As many as 60 percent of the residents of most southeast Louisiana parishes would remain in their homes if a Category 3 hurricane is approaching, according to a survey released Thursday by the University of New Orleans Survey Research Center and the Southeast Louisiana Hurricane Task Force.

That would be a dangerous decision, said task force president Jesse St. Amant, emergency preparedness director for Plaquemines Parish, because the state’s sinking coastline and levees no longer protect residents from a Category 3 storm, which can deliver winds of 130 mph and an 18-foot-high combination of storm surge and waves.

“The reality is that regardless of whether you lived through Betsy or remember Camille, though it hit somewhere else, if Ivan had happened here (last year), we would probably not be standing here talking about it in this (UNO) building,” St. Amant said. “We would still be recovering.”

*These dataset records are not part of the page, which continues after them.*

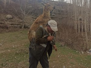 Öte yandan, yaban keçisini sırtında taşıyan Nuri Çadır, "Bu hayvanlardan 20 yıl önce sadece 6 tane vardı. Şimdi sayıları arttı. Eski dönemlerde yaşamış hayvanlar. Şu anda bu hayvanlardan bir tanesi hastalanmış. Hasta olan hayvanın ilk tedavisini yaptık. Biraz zayıf düşmüş. Şerit ihtimali vardı. Bu da canlı hayvanın taşıma özelliği. İp bağlamıyoruz. Tekrar doğaya salacağız" ifadelerini kullandı.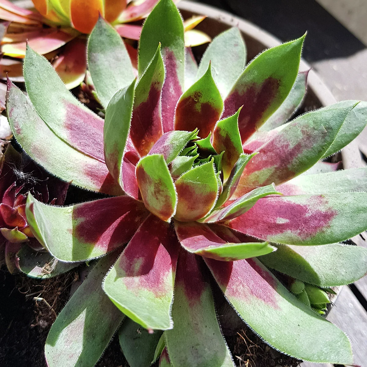 - Prächtige Blattrosetten in Olivgrün und Rot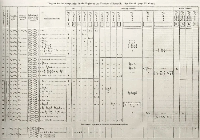 首个出版的计算机算法,来自查尔斯·巴贝奇发明的分析机草图,1842 年。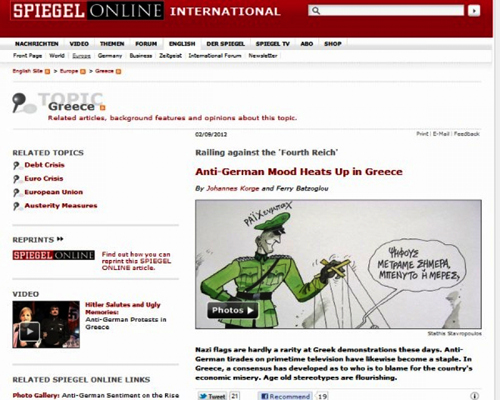 Το Spiegel, το οποίο έγινε γνωστό για τα ακραία, προκλητικά και προσβλητικά δημοσιεύματά του για την χώρα μας, αντιμετωπίζει τα αντι-γερμανικά συναισθήματα στην Ελλάδα ως κάτι το στερεότυπο, ενώ δεν διστάζει…

In 2002, an official from the American Red Cross estimated that between 25,000 and 100,000 people would be killed if a major hurricane hit the New Orleans area.

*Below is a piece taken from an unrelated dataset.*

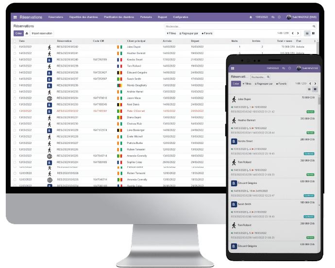 Propulsée par la puissance de la plateforme ERP Odoo , appréciée par des millions d'utilisateurs à travers le monde, AGIL-PMS intègre de manière transparente tous les aspects de votre activité hôtelière au sein d'un seul système. Gérez efficacement vos réservations, votre relation client, vos points de vente, votre HouseKeeping, votre comptabilité et bien plus encore, grâce à une interface intuitive et conviviale.

If the new survey is accurate and significant numbers of people don’t evacuate, St. Amant said, the number of casualties would be “beyond comprehension.”

UNO political science professor Susan Howell, who directed the survey, said that although 60 percent of those asked at first said they would leave if public officials recommended an evacuation, on further questioning, only 34 percent of the residents of 12 coastal parishes would “definitely” leave. And in Jefferson Parish, that dropped to 27 percent.

She said the public doesn’t realize that areas of southeast Louisiana are no longer protected by levees from a slow-moving Category 3 hurricane.

The new message, to evacuate for most storms stronger than Category 2, “is counterintuitive,” she said. “It’s been 40 years since the last catastrophic hurricane hit the city, Betsy, so we’re asking them to believe the risk when they’ve never experienced anything like it.”

Howell said residents based their evacuation decisions on their perception of the risk they face in their location. And the two factors that weigh most heavily in that perception are past experiences with hurricanes and whether they feel their home is sturdily built.

And residents who lived more than 30 years in southeast Louisiana were least likely to evacuate, especially if their own home had never been damaged by a hurricane.

The survey also found that many people who evacuated during Hurricanes Georges in 1998, Lili in 2002 or Ivan last year might not have traveled far enough to escape danger.

At least 400 residents were interviewed in each of the 12 participating parishes. Not all results could be combined because of differences in evacuation problems or how far their populated areas are from the coast. The study began in the spring of 2004, and several parishes or parts of parishes weren’t completed until after Ivan hit in September.

The survey found that women are more likely than men to cooperate with an official evacuation recommendation, which is similar to results elsewhere in the country, and probably reflects that women are more likely to be responsible for children and the elderly, Howell said.

In six of nine parishes surveyed before Ivan, residents with lower incomes were more likely to evacuate than those with higher incomes.

The problems experienced by evacuees during Ivan, including delays of 10 hours or more in reaching their evacuation destinations, don’t seem to affect the willingness to evacuate, Howell said. An average of 86 percent of Ivan evacuees in four parishes said they would do the same thing under similar circumstances, about the same as those who evacuated for Georges and Lili.

Howell said those wishing to develop evacuation plans or find more information about how to respond to hurricanes should visit the American Red Cross Web site at www.arcno.org.